Первое Прикосновение к Братству 4

Дана Давыдович
                4
               Я не знаю, какие боги властвовали над этой территорией, но немного заполночь они над нами сжалились, и я получил сообщение для какого-то мужчины, жившего в одиночестве на отшибе деревни. Сообщение было следующим: «Аланира, мы ждем тебя завтра к утру в известном тебе месте. Будь осторожен. За тобой следят. Хенессада.» Где-то минуту спустя тот же голос добавил: «... и кстати бог тут только один. Его зовут Инсеран.»
               Самым потрясающим было то, что сообщение не было от умершего человека. Оно было от очень даже живого человека, находившегося в городе под названием Варнареаль приблизительно в четырех часах езды отсюда.
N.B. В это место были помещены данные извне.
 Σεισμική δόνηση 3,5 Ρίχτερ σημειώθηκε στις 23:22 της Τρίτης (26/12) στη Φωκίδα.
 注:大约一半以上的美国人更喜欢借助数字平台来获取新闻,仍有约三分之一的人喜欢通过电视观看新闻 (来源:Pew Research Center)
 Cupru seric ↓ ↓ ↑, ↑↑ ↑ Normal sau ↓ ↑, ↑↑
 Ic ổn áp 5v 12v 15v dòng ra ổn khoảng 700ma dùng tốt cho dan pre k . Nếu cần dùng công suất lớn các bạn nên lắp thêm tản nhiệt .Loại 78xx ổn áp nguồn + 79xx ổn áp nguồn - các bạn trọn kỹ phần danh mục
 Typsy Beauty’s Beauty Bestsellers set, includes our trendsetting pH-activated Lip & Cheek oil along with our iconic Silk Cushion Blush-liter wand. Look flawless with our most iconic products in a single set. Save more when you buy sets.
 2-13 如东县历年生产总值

Кто-то живущий отследил меня в общем информационном поле и использовал как передатчик.
               - Домиарн, слушай, я замерзну до смерти, и не думаю, что моя смерть тебе поможет... Давай уже что-то делать, парень!
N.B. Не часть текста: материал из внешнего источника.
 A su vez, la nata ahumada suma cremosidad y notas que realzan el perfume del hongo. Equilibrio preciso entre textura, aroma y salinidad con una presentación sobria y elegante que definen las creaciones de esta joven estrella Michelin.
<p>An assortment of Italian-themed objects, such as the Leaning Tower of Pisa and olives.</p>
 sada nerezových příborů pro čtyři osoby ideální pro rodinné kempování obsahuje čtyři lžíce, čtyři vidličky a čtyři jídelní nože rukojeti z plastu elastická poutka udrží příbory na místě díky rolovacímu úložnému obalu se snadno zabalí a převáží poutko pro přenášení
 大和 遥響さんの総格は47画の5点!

               Голос Намигура вырвал меня из шокового состояния. И только тут я заметил, что поднялся сильный ветер, который трепал нас уже давно. Я сбросил оцепенение, и постучал в дверь самого последнего дома.
               Весьма симпатичный блондин, открывший нам дверь, услышав сообщение, нисколько не удивился, быстро впустил нас, и усадил к очагу. Приготовил нам поесть, и указал на шкуры в углу.
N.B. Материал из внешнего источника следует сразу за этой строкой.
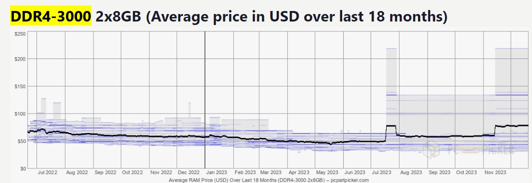 另一存储巨头SK海力士预计存储芯片市场状况从第三季度已经开始明显改善,明年将大幅改善,与三星电子的乐观预期相呼应。从适用于大多数一般计算任务DDR4-3000价格走势也能看出存储芯片市场相对于整个芯片行业的先行复苏趋势。
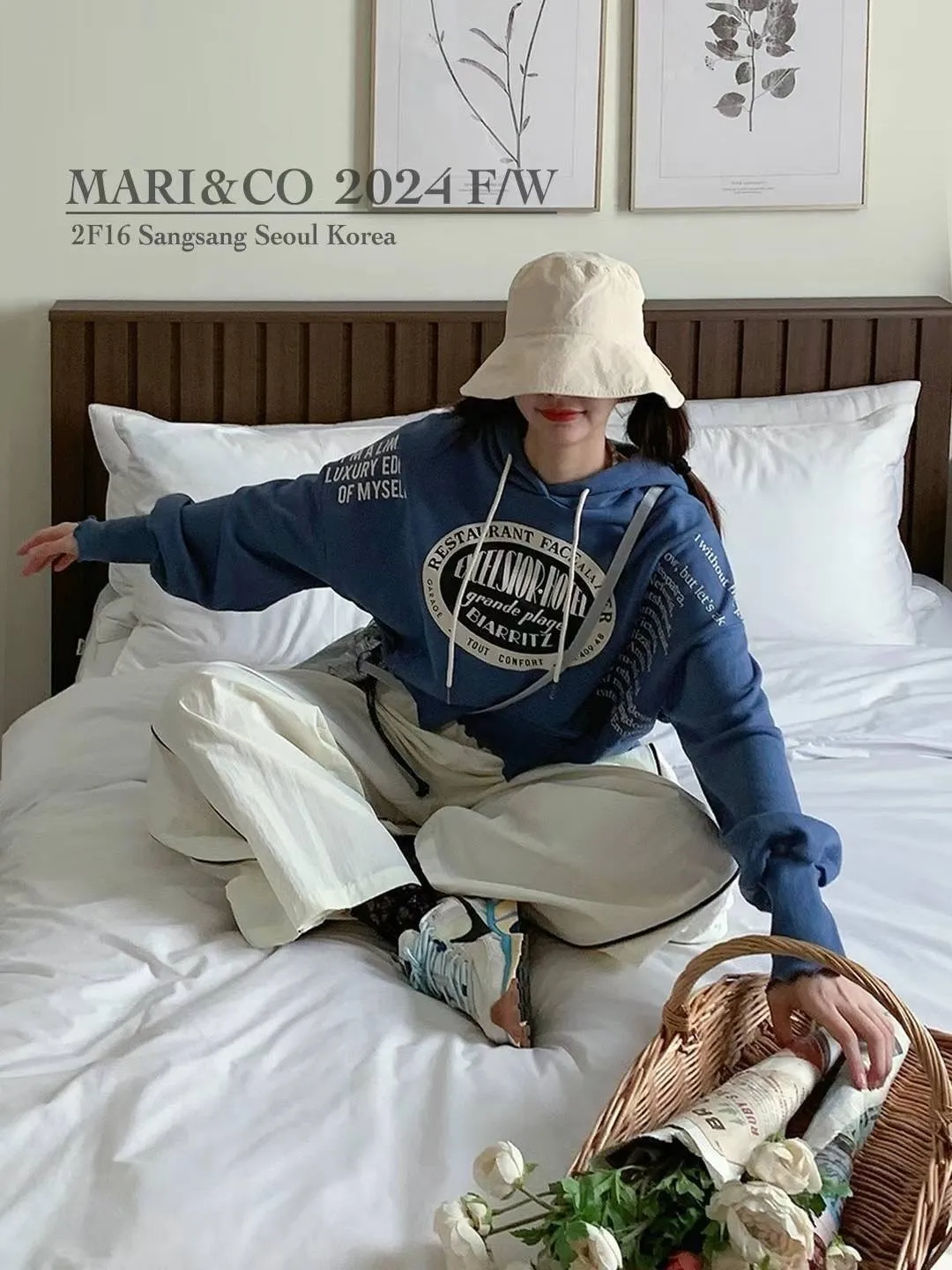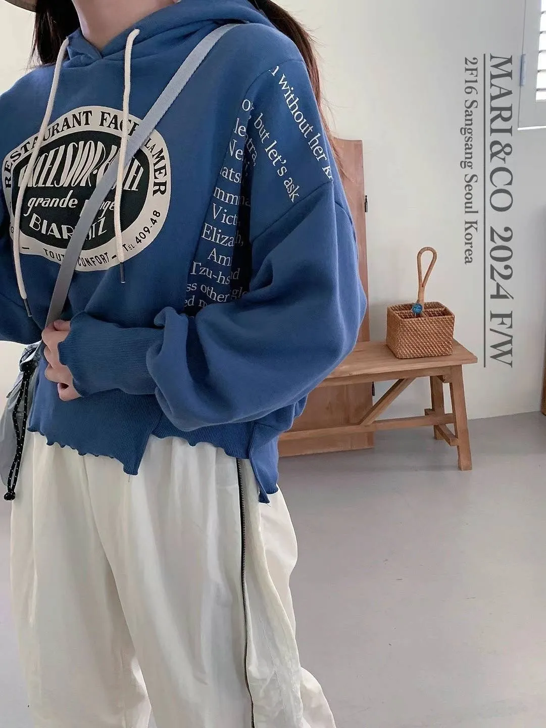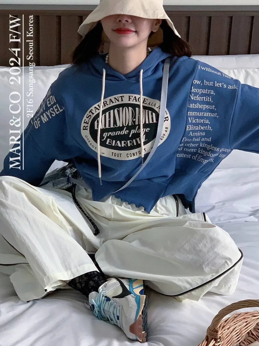 LV615特價復古英文圈圈連帽上衣 米 藍 特價$590

               - Переночуйте здесь. Утром дверь можете не запирать, просто привалите камнем.
               - Вы что, уходите? – Я даже привстал от удивления.
               - Вы же сами сказали, что меня зовет Хенессада!
               - Хм-мм... Ну да.
               Он накинул плащ и прикрепил к поясу кинжал.
               - Аланира... А кто такая Хенессада?
               - Брат мой, вы – член Килс Адаар и приближенный караина Мидландори, и вы не знаете, кто такая Хенессада? Это даже не смешно.
               И он исчез за дверью в темноте и вое ветра.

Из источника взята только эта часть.